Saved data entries
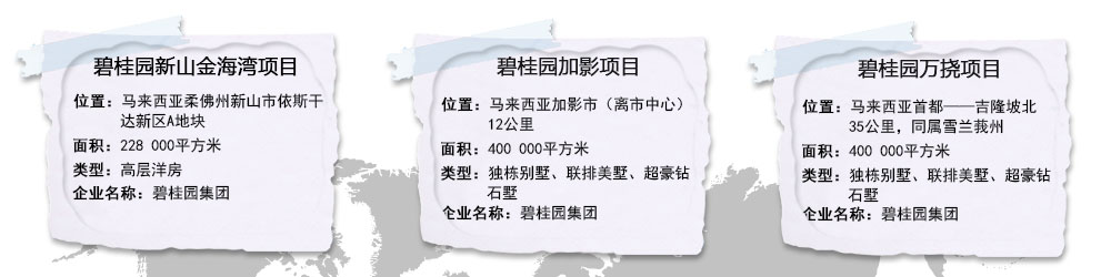 | 碧桂園目前在馬來西亞建設中的項目有3個,預計今年都會陸續推出市場,馬來西亞項目是碧桂園海外業務跨出的第一步。目前海外市場正在摸索中,公司也沒有規定海外具體銷售額,而是給他自由的嘗試。總裁莫斌表示,海外市場是有中長期規劃,近期要成立一個海外事業部,專門研究海外市場,除了馬來西亞,還可能…… [詳細] |
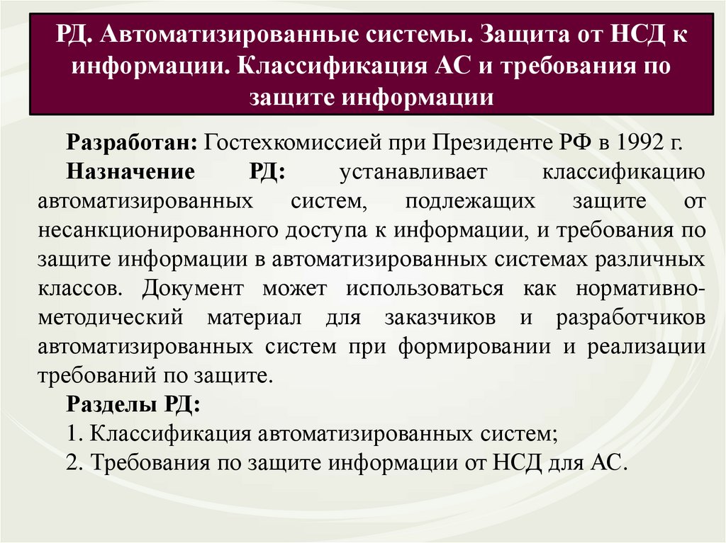 несанкционированного доступа. Гостехкомиссия при Президенте
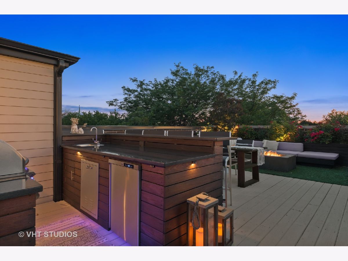 Stunning East Lakeview luxury penthouse with private rooftop deck that is completely built out with top of the line finishes. Rooftop bar area features 32'' built-in Summerset gas grill dual wing side burners, Hoshizaki refrigerator, Summerset bar sink and granite countertops. Outdoor living area perfect for private recreation & entertaining includes gas fire pit, built-in Ipe wood planters, hardwired speaker system and photo-cell LED lighting throughout. Turfed Inside features Extra high 10 foot ceilings and wide floor plan that combine with the light to create volume. Hardwoods throughout custom kitchen with Viking appliances, Bosch dishwasher, exterior venting hood, oversized crown moldings and casement windows, floating island, Silestone quartz countertops throughout and 42'' white cabinetry with backlit glass. Spacious living room allows for oversized windows and sliding glass doors that lead out to extra wide front deck that overlooks quiet, one-way tree-lined Kenmore. Master suite features walk-in closet with built ins, 75'' carrara marble dual sink vanity, heated floors and steam shower with body sprays. 2 blocks to EL, 5 blocks to Southport corridor, 5 blocks to Wrigley Field and 15 min. walk to lakefront.
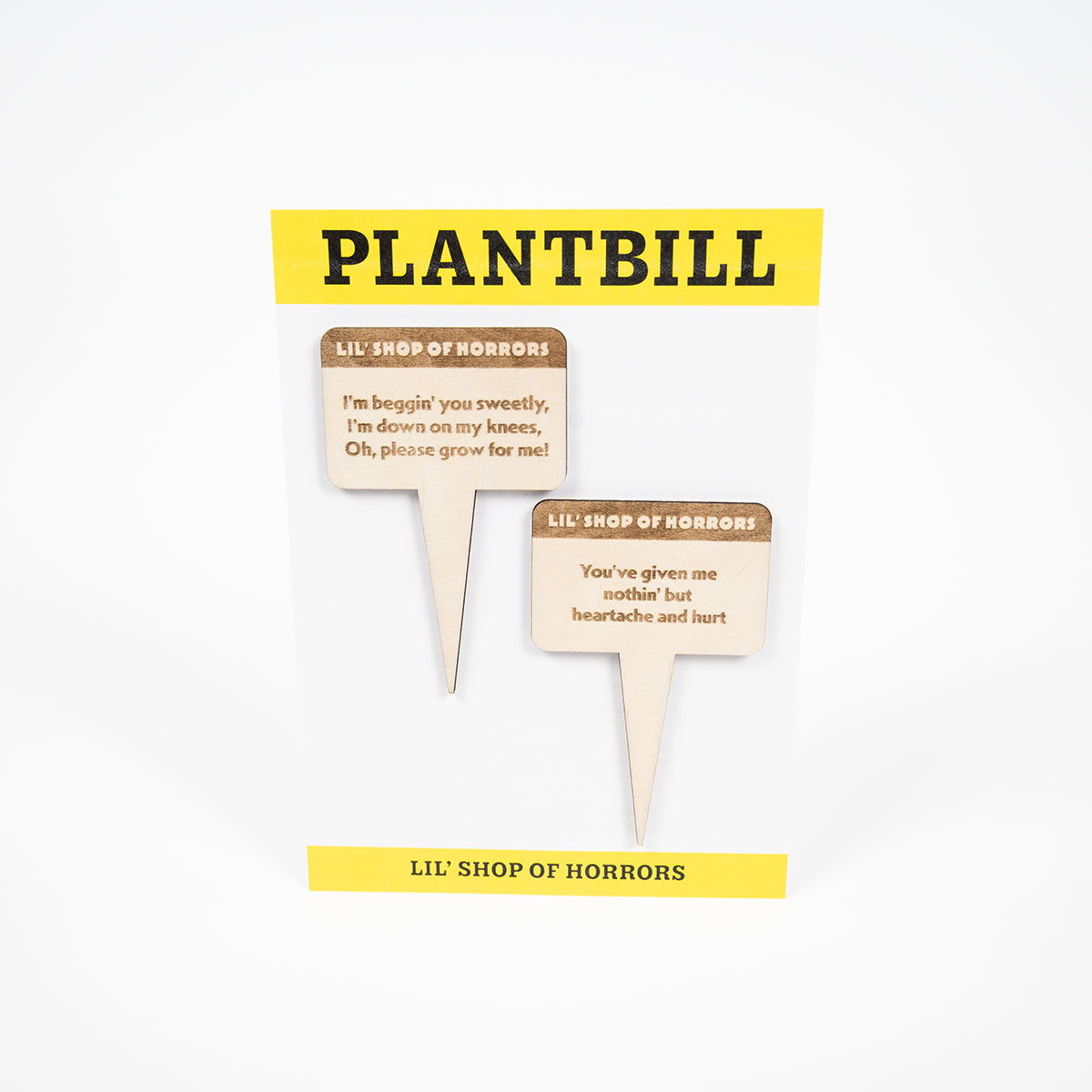 Show off your green thumb and love for Little Shop of Horrors with Plantbill! These plant stakes feature humorous lyrics that will make any plant parent smile. Perfect for adding a touch of quirkiness to your indoor or outdoor garden.
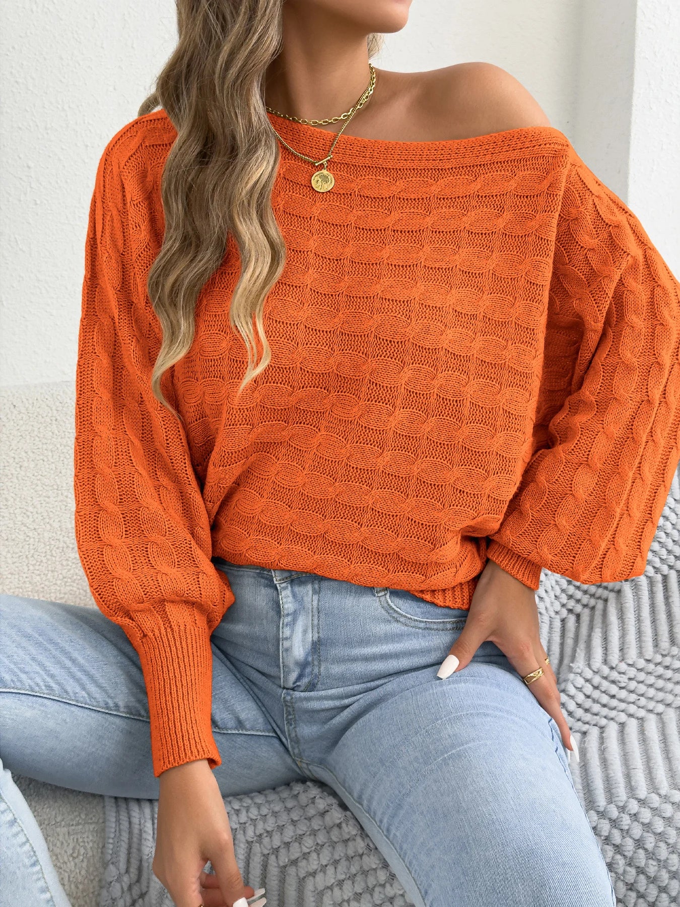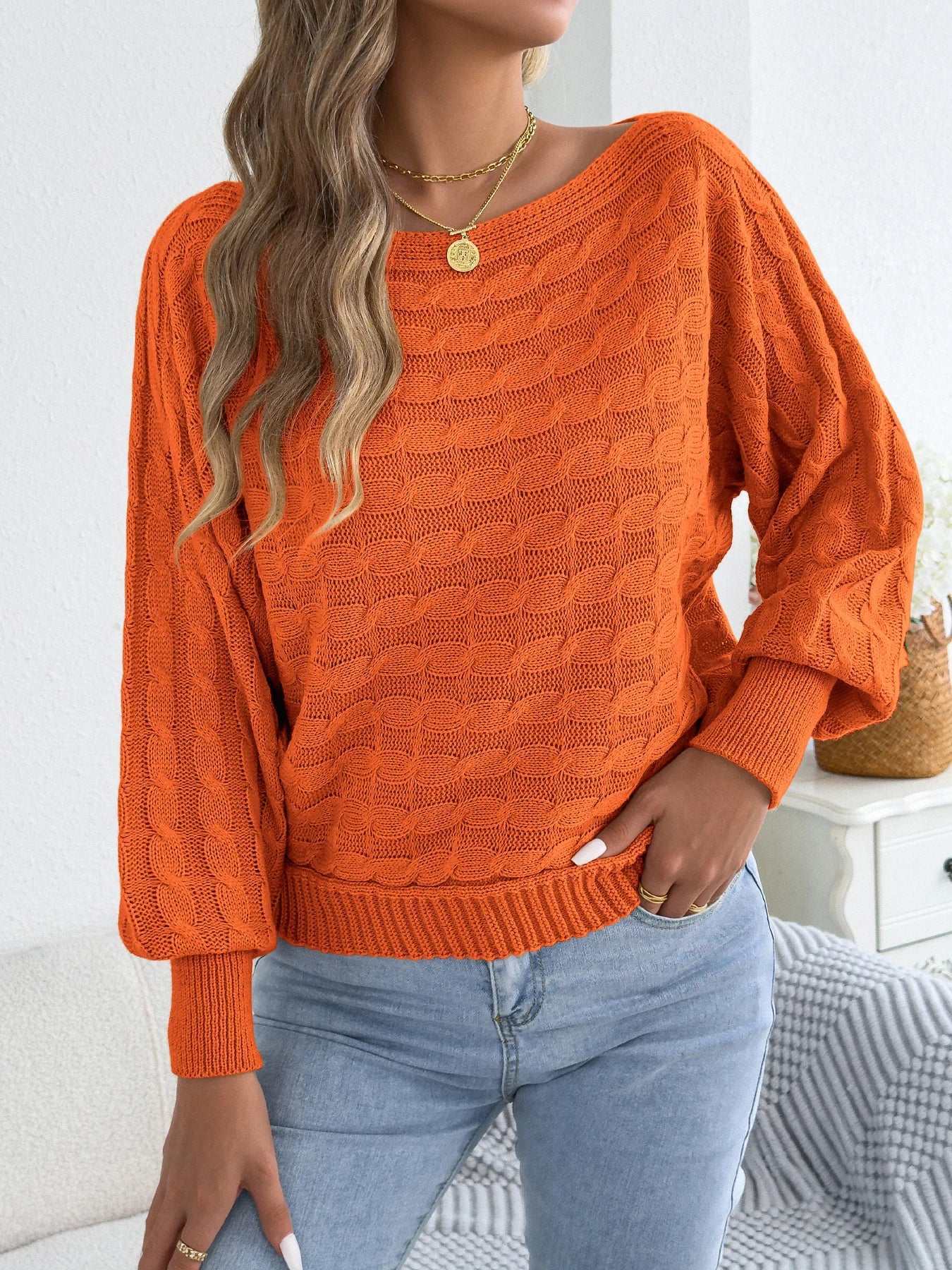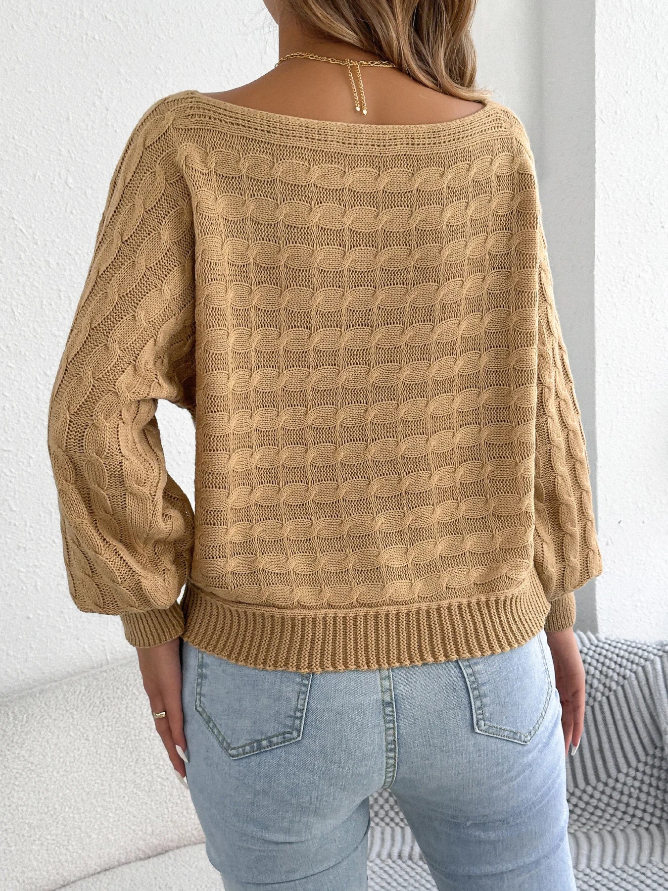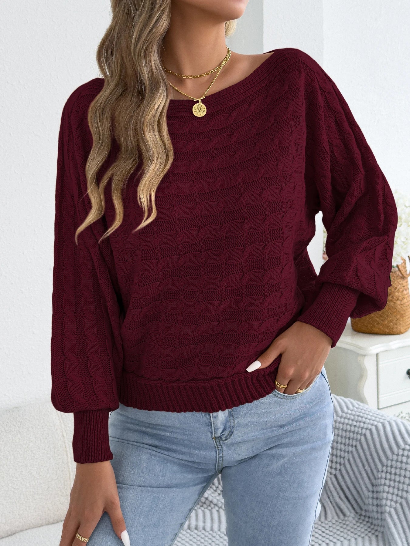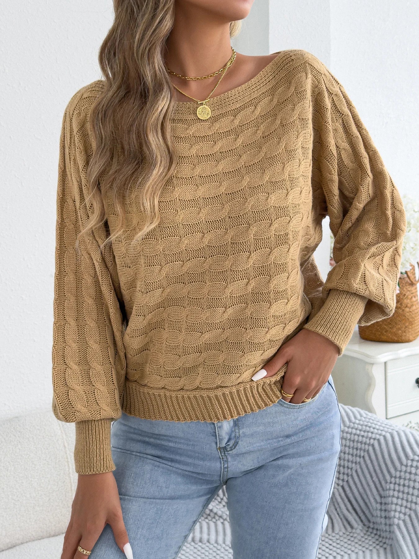 Round Neck Lantern Sleeve Sweater
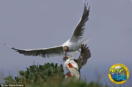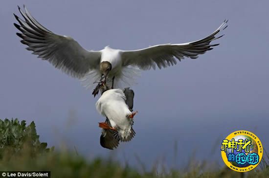 海鸥空中夺食的照片是曾经获奖的业余摄影师李·戴维斯拍摄的,当时他正在诺森伯兰郡法尔恩群岛上拍摄海雀。这种大嘴海鸟身高可达到1英尺(约合30.48厘米),它们在法尔恩群岛上筑巢,主要以各种小鱼为食。海雀一次能够捕获大量小鱼并因此著称海鸟世界,但也正是这一出色的捕食能力,照片中的那只海雀才沦为海鸥的抢劫目标。
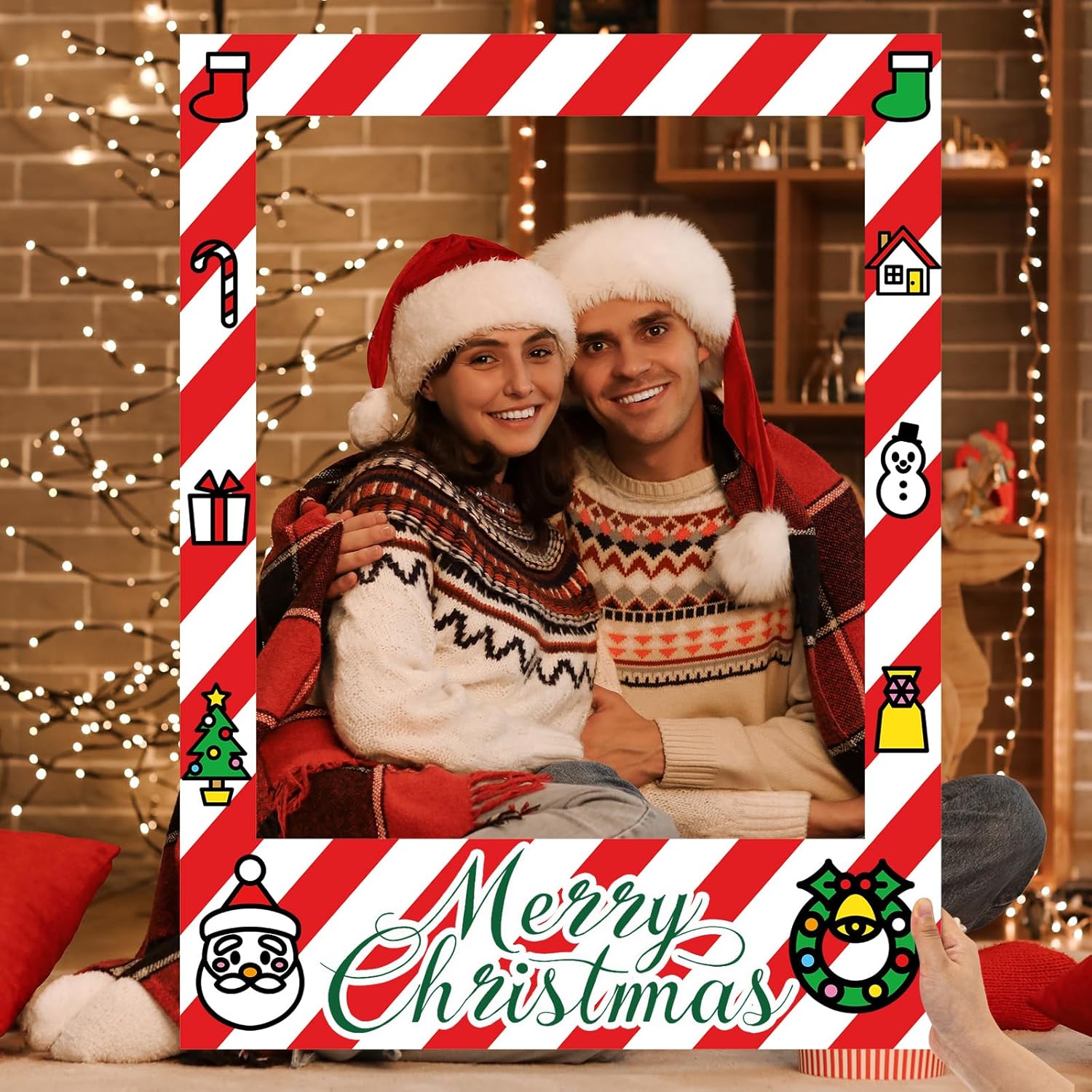 32 x 24 Inch Large Blank DIY Photo Booth Props Picture Frame Party Frame DIY Photo Booth Props Selfie for Halloween Christmas Birthday, Holiday Party (Stripe,Christmas)

* [WHAT IS EXPECTED] Retype the records above exactly, and keep any picture out of what you write.

* [RESULT OF THIS TASK]
 | 碧桂園目前在馬來西亞建設中的項目有3個,預計今年都會陸續推出市場,馬來西亞項目是碧桂園海外業務跨出的第一步。目前海外市場正在摸索中,公司也沒有規定海外具體銷售額,而是給他自由的嘗試。總裁莫斌表示,海外市場是有中長期規劃,近期要成立一個海外事業部,專門研究海外市場,除了馬來西亞,還可能…… [詳細] |
 несанкционированного доступа. Гостехкомиссия при Президенте
 Stunning East Lakeview luxury penthouse with private rooftop deck that is completely built out with top of the line finishes. Rooftop bar area features 32'' built-in Summerset gas grill dual wing side burners, Hoshizaki refrigerator, Summerset bar sink and granite countertops. Outdoor living area perfect for private recreation & entertaining includes gas fire pit, built-in Ipe wood planters, hardwired speaker system and photo-cell LED lighting throughout. Turfed Inside features Extra high 10 foot ceilings and wide floor plan that combine with the light to create volume. Hardwoods throughout custom kitchen with Viking appliances, Bosch dishwasher, exterior venting hood, oversized crown moldings and casement windows, floating island, Silestone quartz countertops throughout and 42'' white cabinetry with backlit glass. Spacious living room allows for oversized windows and sliding glass doors that lead out to extra wide front deck that overlooks quiet, one-way tree-lined Kenmore. Master suite features walk-in closet with built ins, 75'' carrara marble dual sink vanity, heated floors and steam shower with body sprays. 2 blocks to EL, 5 blocks to Southport corridor, 5 blocks to Wrigley Field and 15 min. walk to lakefront.
 Show off your green thumb and love for Little Shop of Horrors with Plantbill! These plant stakes feature humorous lyrics that will make any plant parent smile. Perfect for adding a touch of quirkiness to your indoor or outdoor garden.
 Round Neck Lantern Sleeve Sweater
 海鸥空中夺食的照片是曾经获奖的业余摄影师李·戴维斯拍摄的,当时他正在诺森伯兰郡法尔恩群岛上拍摄海雀。这种大嘴海鸟身高可达到1英尺(约合30.48厘米),它们在法尔恩群岛上筑巢,主要以各种小鱼为食。海雀一次能够捕获大量小鱼并因此著称海鸟世界,但也正是这一出色的捕食能力,照片中的那只海雀才沦为海鸥的抢劫目标。
 32 x 24 Inch Large Blank DIY Photo Booth Props Picture Frame Party Frame DIY Photo Booth Props Selfie for Halloween Christmas Birthday, Holiday Party (Stripe,Christmas)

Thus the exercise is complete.